Statement of Dr. Michael Carome, Deputy Director, and Sarah Sorscher, Attorney, Public Citizen’s Health Research Group
After a tainted drug from a New England compounding pharmacy killed 53 people and exposed a major safety problem posed by a growing illegal drug manufacturing industry, one would think that lawmakers would leap to correct the problem and boost patient safety.
Not this Congress.
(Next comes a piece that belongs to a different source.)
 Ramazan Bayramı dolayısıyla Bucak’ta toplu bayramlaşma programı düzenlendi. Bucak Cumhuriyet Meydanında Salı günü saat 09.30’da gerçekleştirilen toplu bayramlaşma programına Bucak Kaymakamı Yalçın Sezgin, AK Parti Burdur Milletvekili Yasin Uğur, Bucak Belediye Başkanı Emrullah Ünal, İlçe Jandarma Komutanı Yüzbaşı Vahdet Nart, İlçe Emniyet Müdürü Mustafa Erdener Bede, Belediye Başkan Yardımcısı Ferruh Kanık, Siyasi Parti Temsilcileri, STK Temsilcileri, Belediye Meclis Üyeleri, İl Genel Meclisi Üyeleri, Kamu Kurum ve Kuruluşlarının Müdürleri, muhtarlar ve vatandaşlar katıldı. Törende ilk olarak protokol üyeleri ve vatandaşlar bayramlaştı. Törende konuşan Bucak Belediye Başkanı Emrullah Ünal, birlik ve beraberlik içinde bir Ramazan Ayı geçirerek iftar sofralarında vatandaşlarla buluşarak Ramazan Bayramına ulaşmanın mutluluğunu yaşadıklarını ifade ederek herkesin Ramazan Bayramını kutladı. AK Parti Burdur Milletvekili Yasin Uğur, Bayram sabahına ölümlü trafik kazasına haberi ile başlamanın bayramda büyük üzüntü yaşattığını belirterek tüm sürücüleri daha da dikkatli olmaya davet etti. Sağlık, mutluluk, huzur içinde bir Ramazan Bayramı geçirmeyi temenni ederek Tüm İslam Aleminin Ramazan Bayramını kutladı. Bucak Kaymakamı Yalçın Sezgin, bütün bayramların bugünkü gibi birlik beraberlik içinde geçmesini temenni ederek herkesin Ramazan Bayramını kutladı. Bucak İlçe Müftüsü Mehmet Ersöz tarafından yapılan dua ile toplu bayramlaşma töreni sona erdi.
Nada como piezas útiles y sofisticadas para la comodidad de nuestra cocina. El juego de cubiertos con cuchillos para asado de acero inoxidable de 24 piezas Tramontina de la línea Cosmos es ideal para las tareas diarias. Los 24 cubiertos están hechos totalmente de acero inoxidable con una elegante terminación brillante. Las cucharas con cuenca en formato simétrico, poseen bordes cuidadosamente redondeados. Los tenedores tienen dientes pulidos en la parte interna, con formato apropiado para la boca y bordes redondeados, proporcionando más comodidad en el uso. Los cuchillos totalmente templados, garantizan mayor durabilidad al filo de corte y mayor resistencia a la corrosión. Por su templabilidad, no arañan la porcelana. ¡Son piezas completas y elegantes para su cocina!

Senate lawmakers are proposing what amounts to a giant step backward for U.S. drug safety and quality control.
Draft legislation on pharmacy compounding released Friday, April 26, by the U.S. Senate Committee on Health, Education, Labor and Pensions (the Senate HELP Committee) would dramatically weaken patient protections by creating an extremely dangerous new class of drug manufacturers, confusingly called “compounding manufacturers.” (In contrast to drug manufacturing, pharmacy compounding involves a pharmacist preparing, in response to a physician’s prescription, an individually customized drug for one patient who has unique medical needs that cannot be met by a commercially available, Food and Drug Administration (FDA)-approved drug manufactured by a pharmaceutical company.)
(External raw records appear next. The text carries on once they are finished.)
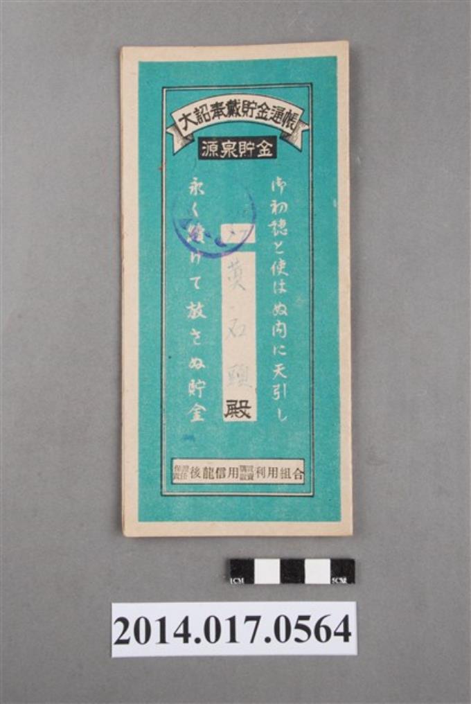 保證責任後龍信用購買販賣利用組合給黃石頭大詔奉戴儲金簿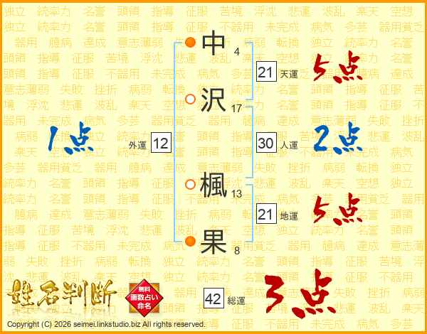 生活面を象徴する運勢です。外部から受ける影響力を表し、結婚運、家庭運や職場、環境への順応性を表します。総運から人運を引いた画数。姓や名が1文字の場合を除く。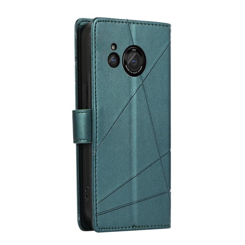 Θήκη τηλεφώνου για Sharp Aquos R8 PU με γνήσια υφή δέρματος, ανάγλυφη γραμμή (πράσινο)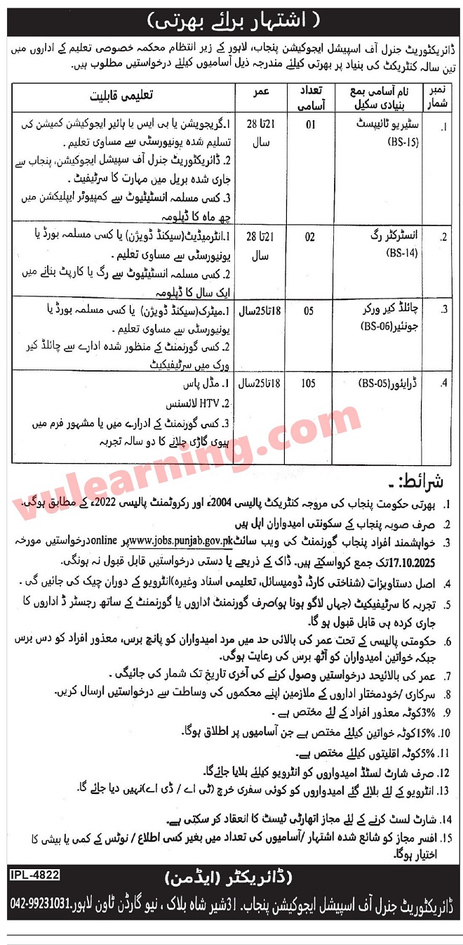 Advertisement of Directorate General of Special Education Punjab Jobs 2025 for 113+ Drivers & Others Apply Online-294877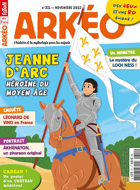 Ce mois-ci, Arkéo part à la rencontre de Jeanne d’Arc, une jeune femme au caractère bien trempé qui affirme en 1428 avoir entendu des voix lui intimant l’ordre de chasser les Anglais du royaume de France et de faire sacrer le nouveau roi à Reims... La suite est à découvrir dans le grand dossier ! Puis direction l'Égypte antique pour découvrir le règne surprenant du roi Akhenaton qui a bouleversé des habitudes ancestrales. Sans oublier tes rubriques habituelles, les jeux du coin de la récré et tes BD préférées. Bonne lecture !

These second-tier manufacturers would be permitted to mass-produce standardized drugs and sell across state lines without obtaining FDA approval or meeting federal labeling requirements intended to ensure the safe use of drugs — requirements currently mandated for all drug manufacturers.
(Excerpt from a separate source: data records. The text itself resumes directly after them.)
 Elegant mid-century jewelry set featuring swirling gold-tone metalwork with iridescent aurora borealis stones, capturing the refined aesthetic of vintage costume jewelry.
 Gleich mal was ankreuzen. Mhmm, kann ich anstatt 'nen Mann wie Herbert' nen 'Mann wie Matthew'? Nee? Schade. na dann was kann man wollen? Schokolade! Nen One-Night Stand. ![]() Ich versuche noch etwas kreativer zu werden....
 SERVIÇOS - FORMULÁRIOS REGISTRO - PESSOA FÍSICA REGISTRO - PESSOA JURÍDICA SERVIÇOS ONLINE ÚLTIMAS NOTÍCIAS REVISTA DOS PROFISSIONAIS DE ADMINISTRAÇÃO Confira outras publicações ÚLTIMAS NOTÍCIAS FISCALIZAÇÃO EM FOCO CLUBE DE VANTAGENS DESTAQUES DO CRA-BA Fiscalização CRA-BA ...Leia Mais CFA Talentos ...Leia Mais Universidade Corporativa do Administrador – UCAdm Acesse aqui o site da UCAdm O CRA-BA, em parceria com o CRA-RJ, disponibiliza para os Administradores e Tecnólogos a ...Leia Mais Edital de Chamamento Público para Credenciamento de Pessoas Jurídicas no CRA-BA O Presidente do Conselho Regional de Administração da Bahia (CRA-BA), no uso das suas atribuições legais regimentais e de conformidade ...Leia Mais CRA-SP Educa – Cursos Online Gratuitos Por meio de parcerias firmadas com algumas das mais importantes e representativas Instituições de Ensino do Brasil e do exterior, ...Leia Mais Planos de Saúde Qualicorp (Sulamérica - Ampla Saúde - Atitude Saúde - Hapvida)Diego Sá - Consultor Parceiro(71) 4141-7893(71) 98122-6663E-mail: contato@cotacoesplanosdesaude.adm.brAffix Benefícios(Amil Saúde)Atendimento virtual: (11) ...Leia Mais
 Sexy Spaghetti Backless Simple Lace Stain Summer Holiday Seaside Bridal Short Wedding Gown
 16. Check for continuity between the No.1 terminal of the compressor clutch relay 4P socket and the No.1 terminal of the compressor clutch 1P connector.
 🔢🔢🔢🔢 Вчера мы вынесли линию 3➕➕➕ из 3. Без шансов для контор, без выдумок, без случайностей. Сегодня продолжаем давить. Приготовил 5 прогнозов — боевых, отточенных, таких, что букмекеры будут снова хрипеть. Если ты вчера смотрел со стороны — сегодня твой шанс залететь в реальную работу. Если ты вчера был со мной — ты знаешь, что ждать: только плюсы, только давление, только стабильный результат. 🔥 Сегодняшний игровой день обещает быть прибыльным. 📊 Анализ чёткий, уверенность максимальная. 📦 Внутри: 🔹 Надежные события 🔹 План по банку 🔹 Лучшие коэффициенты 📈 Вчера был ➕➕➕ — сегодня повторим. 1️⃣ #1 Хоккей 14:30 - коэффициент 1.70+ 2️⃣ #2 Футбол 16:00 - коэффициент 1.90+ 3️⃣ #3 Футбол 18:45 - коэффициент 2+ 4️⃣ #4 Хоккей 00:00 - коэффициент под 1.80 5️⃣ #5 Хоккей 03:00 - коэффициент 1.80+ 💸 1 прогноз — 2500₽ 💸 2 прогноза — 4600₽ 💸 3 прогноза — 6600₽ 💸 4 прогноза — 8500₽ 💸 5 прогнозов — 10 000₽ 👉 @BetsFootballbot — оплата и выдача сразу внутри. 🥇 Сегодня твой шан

Rather than strengthening the FDA’s authority over high-risk manufacturing activities, this bill would remove important federal requirements that protect patients from unsafe and ineffective drugs and bring about massive deregulation of a growing industry of second-tier drug manufacturing — an industry that has been permitted to thrive under the guise of “pharmacy compounding” in violation of current federal law due to lax FDA enforcement. Even worse, the substandard drugs manufactured by proposed second-tier “compounding manufacturers” would carry no warning label to notify hospitals, doctors and patients that drugs made by this industry are not approved by the FDA or evaluated by the FDA for safety, efficacy and accurate labeling.
Under current law, compounding pharmacies that mass produce standardized products, as opposed to producing customized drugs to meet an individual patient’s needs, are considered drug manufacturers and are subject to FDA regulation. As manufacturers, these firms can be prosecuted if they fail to register with the FDA, submit to FDA inspections, obtain FDA pre-market approval, follow good manufacturing practices, report adverse events or take certain steps to avoid false or misleading labeling.
In the past, the FDA has been slow to enforce these laws against companies calling themselves “compounding pharmacies,” even where they engage in manufacturing activity. The agency can correct that error by taking swift, aggressive action to identify and prosecute these companies under existing statutory authority.
Yet rather than pushing the FDA to fully use its existing authority and giving the agency enhanced authority to monitor and inspect all compounding pharmacies, the Senate HELP Committee proposal ratifies and endorses the FDA’s history of under-enforcement, allowing “compounding manufacturers” to continue manufacturing drugs under greatly weakened federal standards.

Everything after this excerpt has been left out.